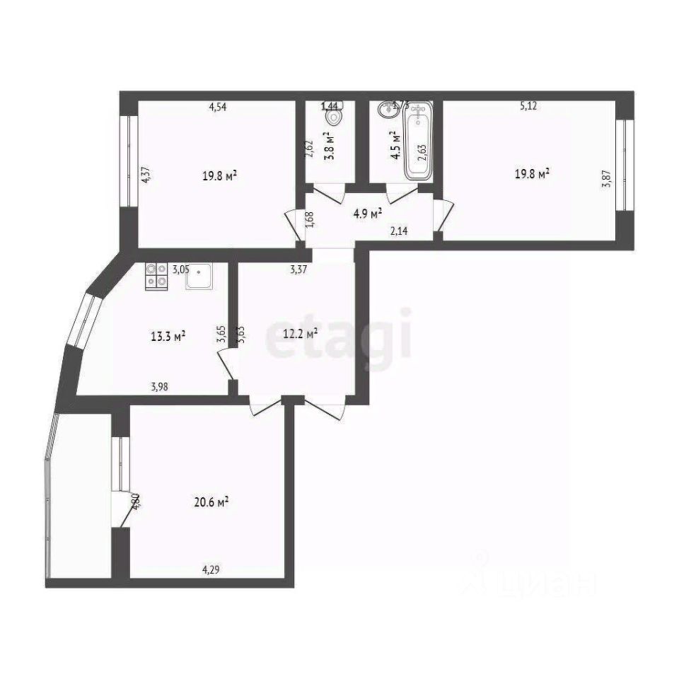 Разумная и комфортная планировка. Две просторные детские 19 м2, родительская комната 20 м2, кухня 13.3 м2.
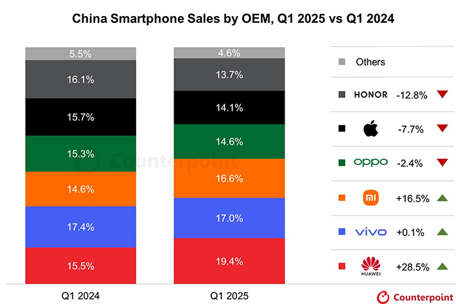 目前來看,各方對于OPPO頻繁掛鉤OPhone的評價褒貶不一,“OPhone”到底是良藥還是毒藥,尚需更長時間驗證。需要指出的是,一旦消費者加深了OPPO即OPhone的認知,品牌的調(diào)性、成長性恐怕都會面臨不少限制。而由市場份額變化來看,OPPO的這招險棋暫未明顯改善其困境。根據(jù)Counterpoint數(shù)據(jù)的對比,2024年OPPO智能手機銷售份額在中國市場相比2023年大跌10.4%,排名掉出TOP5;2025年Q1,同比下滑2.4%,排名第四,與第六的榮耀份額相差不到1%。隨著近幾個季度華為和小米的穩(wěn)健成長,加上國內(nèi)市場vivo長期堅挺(近四年國內(nèi)市場“四連冠”),OPPO躋身市場前三變得越發(fā)困難,稍有不慎還會跌出前五。
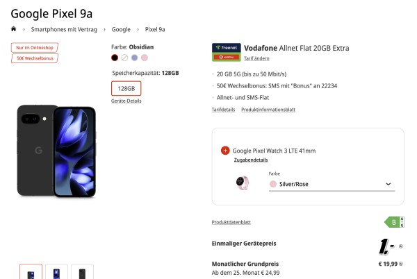 Google Pixel 9a (128GB) + Pixel Watch 3 LTE für 1€ + Vodafone Allnet-Flat mit 20GB für 19,99€/Monat + 50€ Wechselbonus
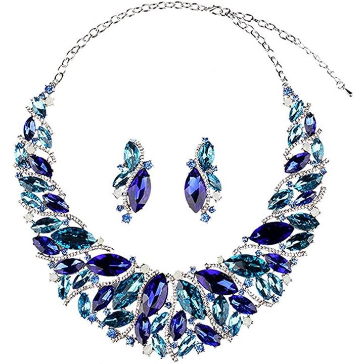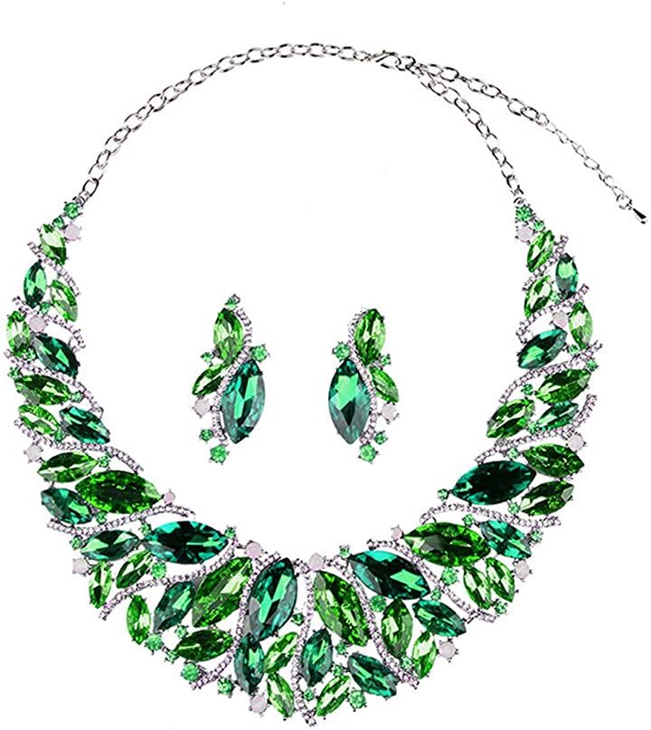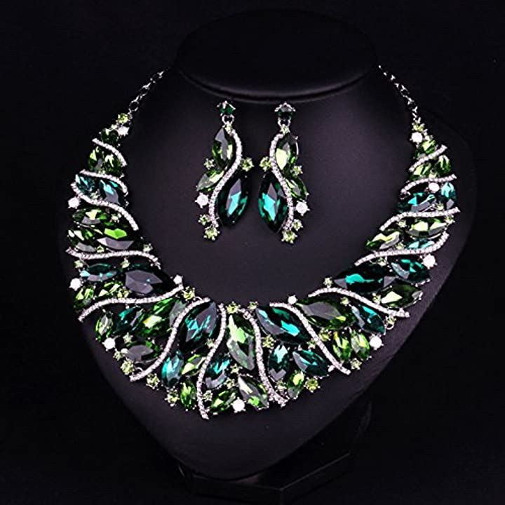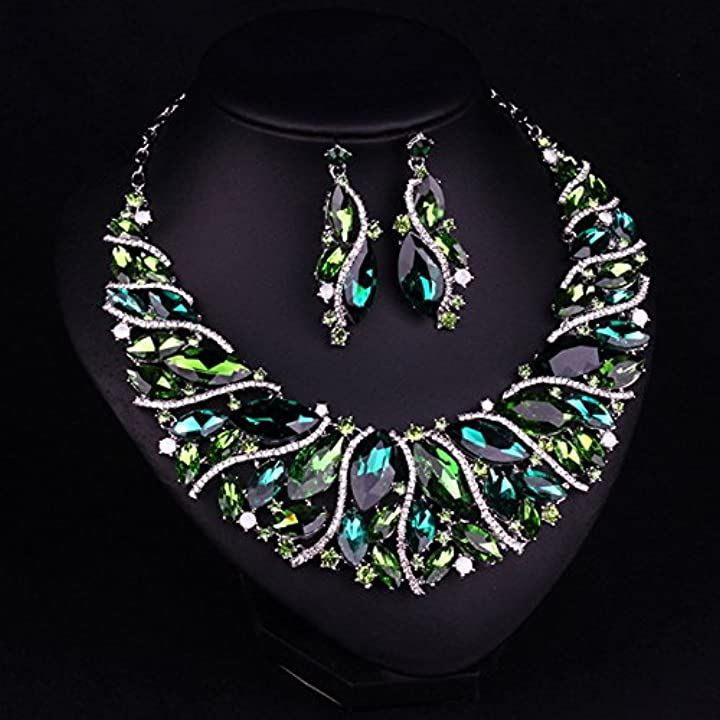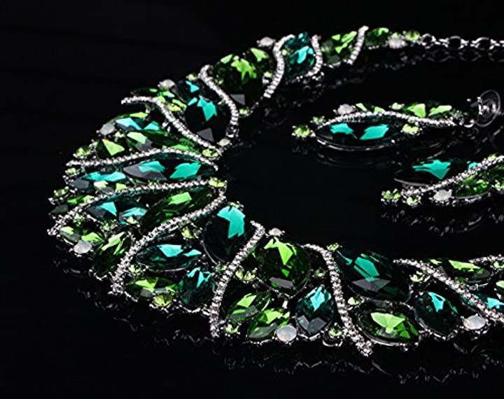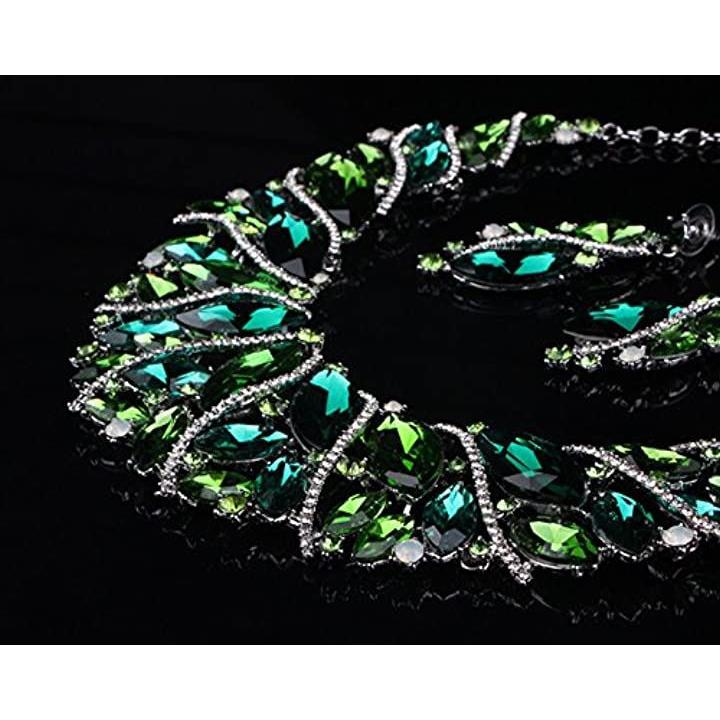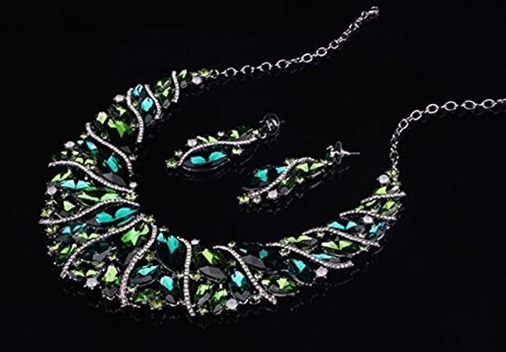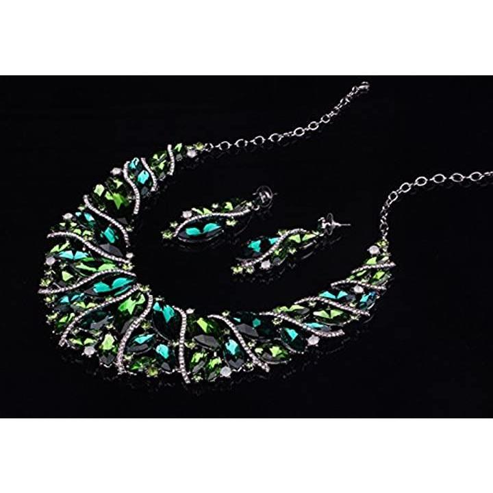 クリスタル ゴージャス ピアス ネックレス セット クリア シルバートーン green

= = = = =

→ Work instruction
Do not include the pictures. Quote only the lines from the line with "目前來看,各方對于OPPO頻" through the end of the material, both ends included, exactly.

→ Output for this task
 目前來看,各方對于OPPO頻繁掛鉤OPhone的評價褒貶不一,“OPhone”到底是良藥還是毒藥,尚需更長時間驗證。需要指出的是,一旦消費者加深了OPPO即OPhone的認知,品牌的調(diào)性、成長性恐怕都會面臨不少限制。而由市場份額變化來看,OPPO的這招險棋暫未明顯改善其困境。根據(jù)Counterpoint數(shù)據(jù)的對比,2024年OPPO智能手機銷售份額在中國市場相比2023年大跌10.4%,排名掉出TOP5;2025年Q1,同比下滑2.4%,排名第四,與第六的榮耀份額相差不到1%。隨著近幾個季度華為和小米的穩(wěn)健成長,加上國內(nèi)市場vivo長期堅挺(近四年國內(nèi)市場“四連冠”),OPPO躋身市場前三變得越發(fā)困難,稍有不慎還會跌出前五。
 Google Pixel 9a (128GB) + Pixel Watch 3 LTE für 1€ + Vodafone Allnet-Flat mit 20GB für 19,99€/Monat + 50€ Wechselbonus
 クリスタル ゴージャス ピアス ネックレス セット クリア シルバートーン green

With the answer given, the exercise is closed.